◆ PROBLEM REQUIREMENTS
Beginning with the line that includes "卡地亚Trinity系列珠宝", return every remaining line of the material exactly as it reads, but not the pictures.

◆ INPUT DATA
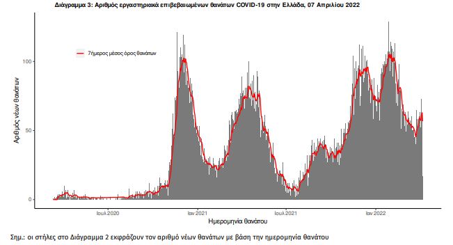 Οι νέοι θάνατοι ασθενών με COVID-19 είναι 76, ενώ από την έναρξη της επιδημίας έχουν καταγραφεί συνολικά 27.968 θάνατοι. Το 95.4% είχε υποκείμενο νόσημα ή/και ηλικία 70 ετών και άνω. Στο Διάγραμμα 3 παρουσιάζεται η ημερήσια κατανομή των θανάτων και ο 7ήμερος κυλιόμενος μέσος όρος του αριθμού των θανάτων.
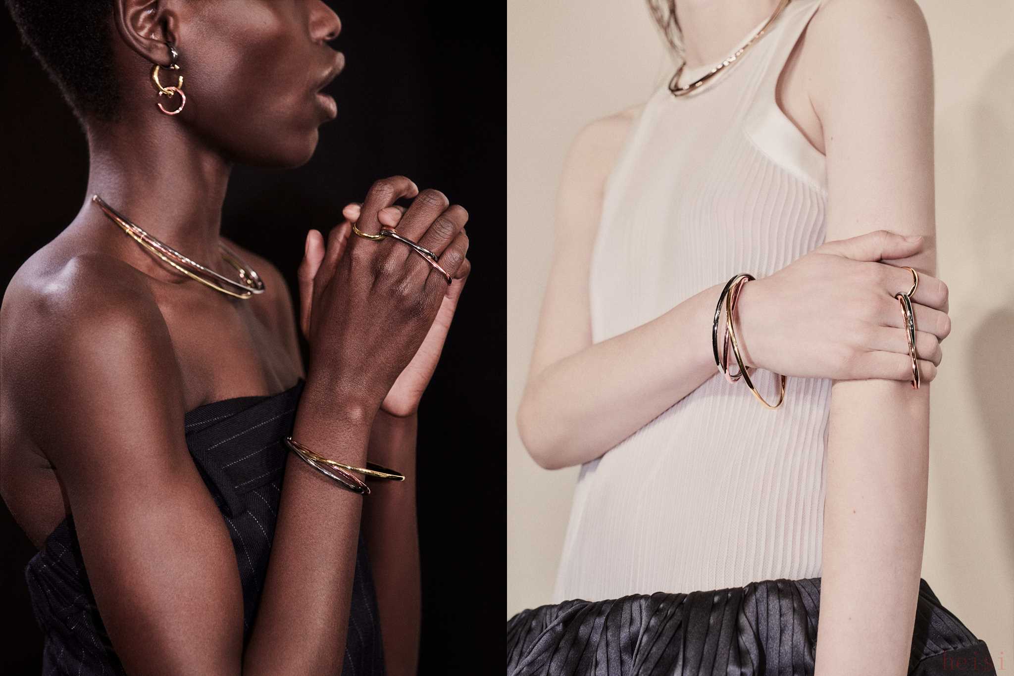 卡地亚Trinity系列珠宝中最经典的是交错缠绕的三色金戒指。阿部千登势此次在设计中对这一风格进行解构和重构,设计出了18K三色金缠绕项链、耳坠、手链,以及一套可以同时佩戴在不同手指上的三色金戒指等等。
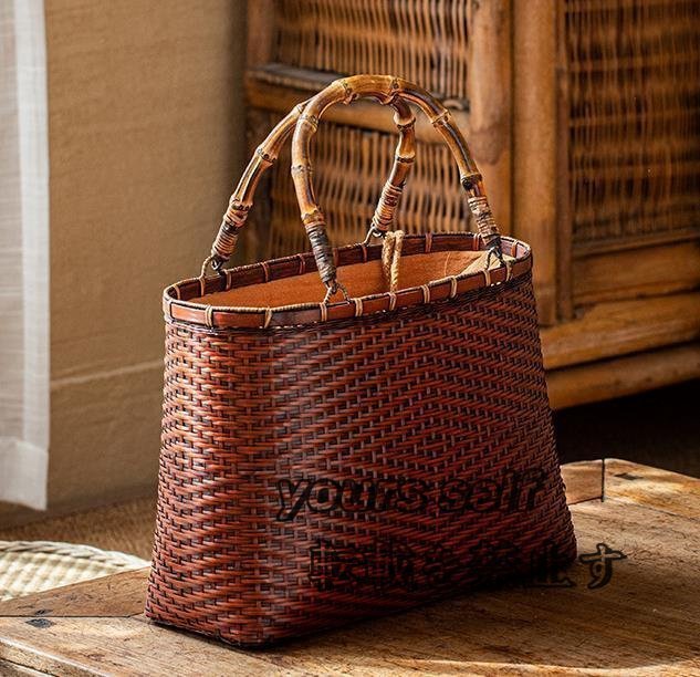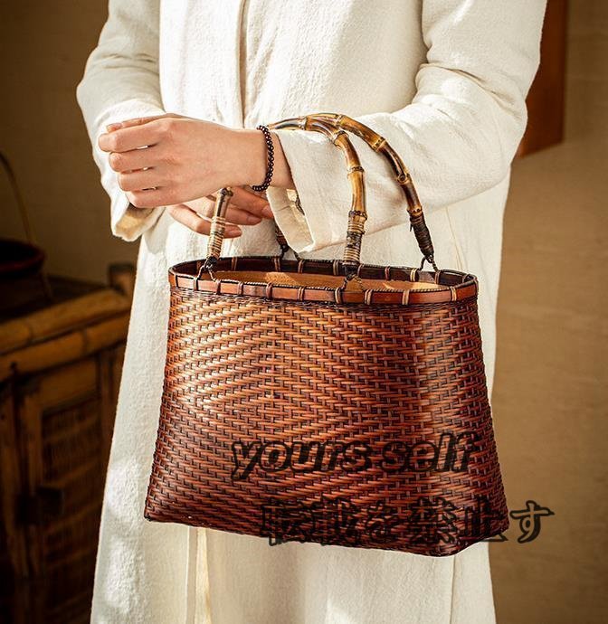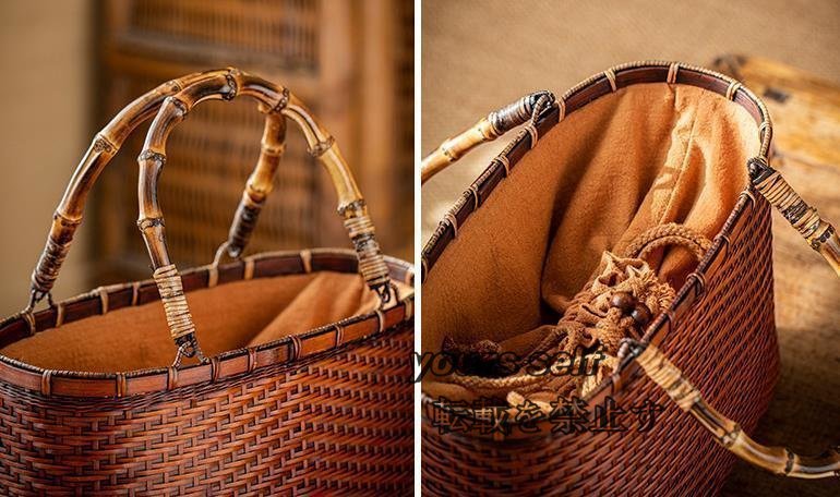 高品質実用 みバッグ 小物入れ籠職人手作り竹編 ハンドバッグ 内布付き

◆ ANSWER TO THE EXERCISE
 卡地亚Trinity系列珠宝中最经典的是交错缠绕的三色金戒指。阿部千登势此次在设计中对这一风格进行解构和重构,设计出了18K三色金缠绕项链、耳坠、手链,以及一套可以同时佩戴在不同手指上的三色金戒指等等。
 高品質実用 みバッグ 小物入れ籠職人手作り竹編 ハンドバッグ 内布付き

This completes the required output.